Other things I'd like to encounter on this journey: the rise and fall of mountains under the ocean, sunken ships, golden lights in a yawning abyss, sea plants that seem to be dancing in a current, the echo of a whale, deep silence, a face in the sand.
Of course, it's unlikely that a person would see very much that far down in the ocean. The bottom of the ocean's most defining feature is the absolute blackness, broken only by the occasional luminous torches of fish who turn them on when they need to hunt their prey or by the spurt of fluid ejected by deep-sea squids that become a cloud of light, the opposite of the inky cloud created by shallow-water squids. Light vanishes swiftly as you descend deeper into the ocean. According to Rachel Carson in her book, The sea around us, "the red rays are gone at the end of the first 200 or 300 feet, and with them all the orange and yellow warmth of the sun. Then the greens fade out, and at 1000 feet only a deep, dark, brilliant blue is left. In very clear waters the violet rays of the spectrum may penetrate another thousand feet. Beyond this is only the blackness of the deep sea."

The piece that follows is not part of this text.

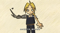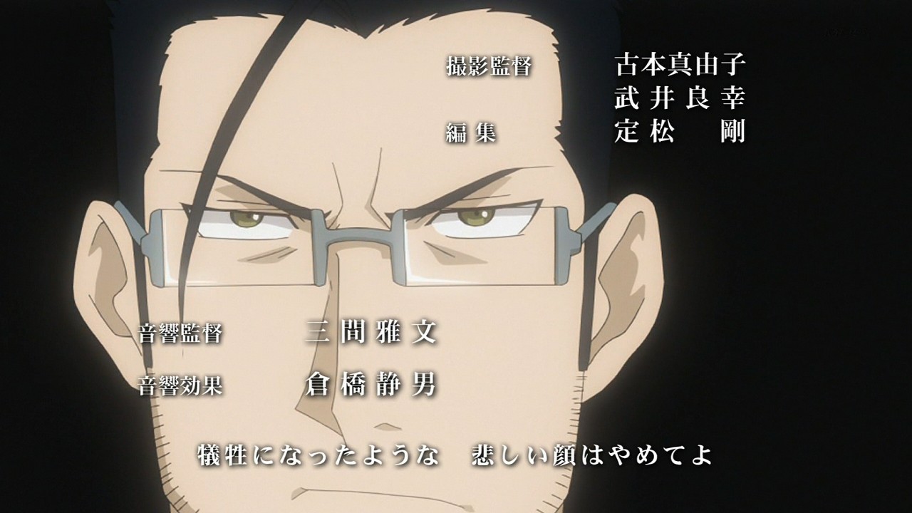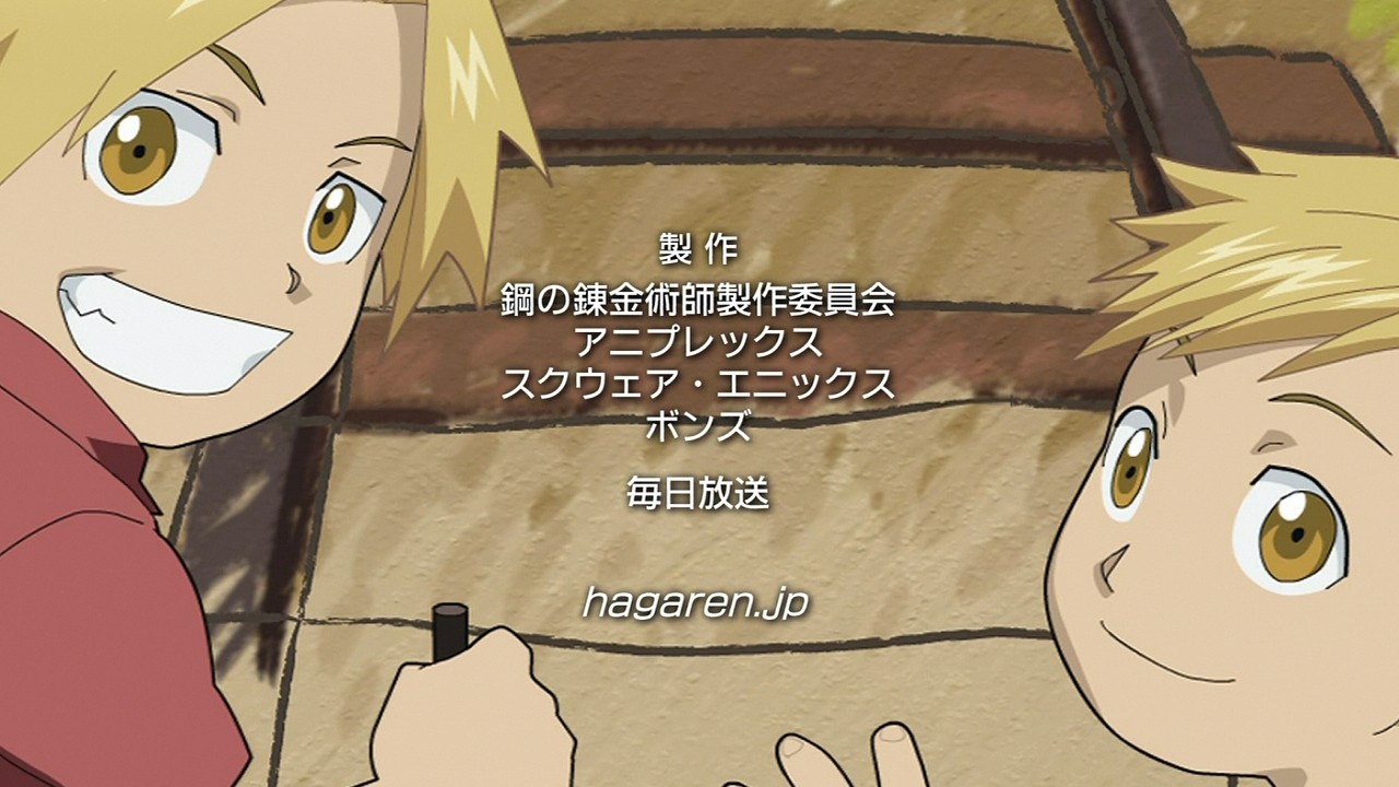 Oh and on a side note, what was with that really cheesy sounding English announcer saying “Fullmetal Alchemist” during the eyecatches?

Creatures of the deep may have become blind, but the loss of sight is compensated with sensitive feelers and long fins to feel their way around, groping for texture, shape, movement, changes in temperature. If a human were able to reach the bottom of the ocean alive, he wouldn't be able to touch or sense very much with his body, which would probably be encased in some thick and complicated machine or suit to protect him from the immense pressure at such depths. Perhaps he would barely be able to move.

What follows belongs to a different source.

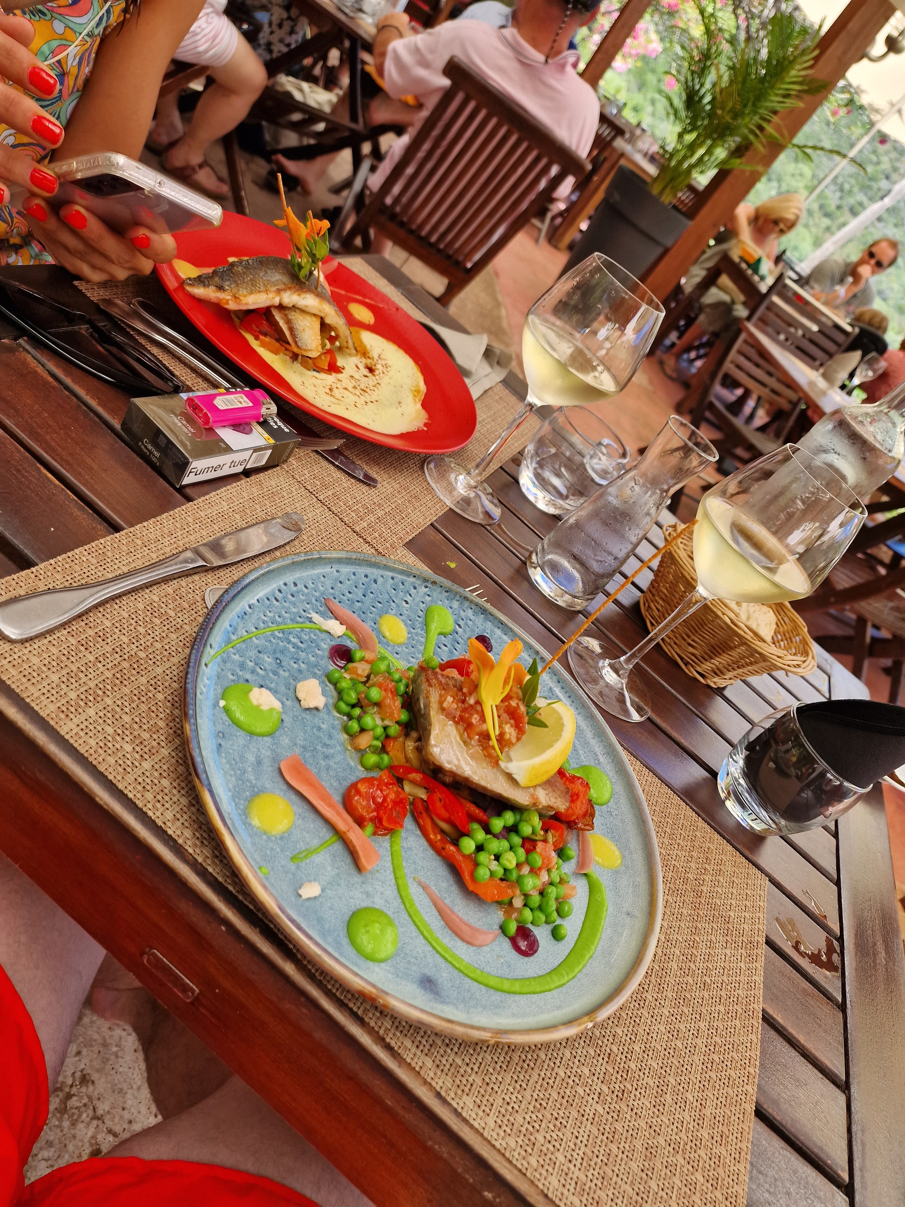 Vue magnifique, personnel aux petits soins et très sympa. Des beaux poissons frais cuisinés simplement. C'était parfait ! Merci

Because so little is known about the lightless depths of the sea, few people believed that living creatures could survive or even exist there. In the early twentieth century, research ships used echo sounding instruments to send sound waves downward from the ship. These were reflected back from any object they encountered. Answering echoes were returned from the intermediate depths, as expected; and then a second echo was received from the bottom.
What the scientists discovered was a living cloud of some unknown creatures spread over much of the ocean at a depth of several hundred fathoms below the surface. There are three theories about that cloud: these living creatures are either shrimps, fishes, or squids. I like the squid theory best. Squids seem more magical, otherworldly, like alien beings. A Norwegian, Johan Hjort once wrote: "In October 1902 we were one night steaming outside the slopes of the coast banks of Norway, and for many miles we could see the squids moving in the surface waters like luminous bubbles, resembling large milky white electric lamps being constantly lit and extinguished."

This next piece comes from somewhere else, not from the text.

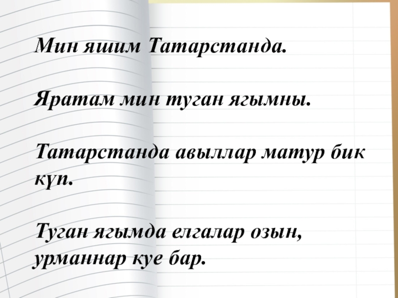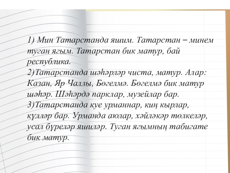 Слайд 61) Мин Татарстанда яшим. Татарстан – минем туган ягым. Татарстан бик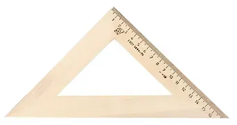 Размер треугольника: длина шкалы — 180 мм, угол — 45°. Равнобедренный угольник с прямым углом изготовлен из твердолиственных пород древесины

What would the creatures down below think of me, I wonder. If I let them twine their feelers around my torso, arms, and legs, what would they imagine? A bony being without fins or tail? Prey or predator? Would they remain curious or retreat from me eventually, deeming me harmless and inconsequential? The only certain thing is that, for a while, I would be as strange to them as they would be to me. And it's just occurred to me that this happens on dry land too.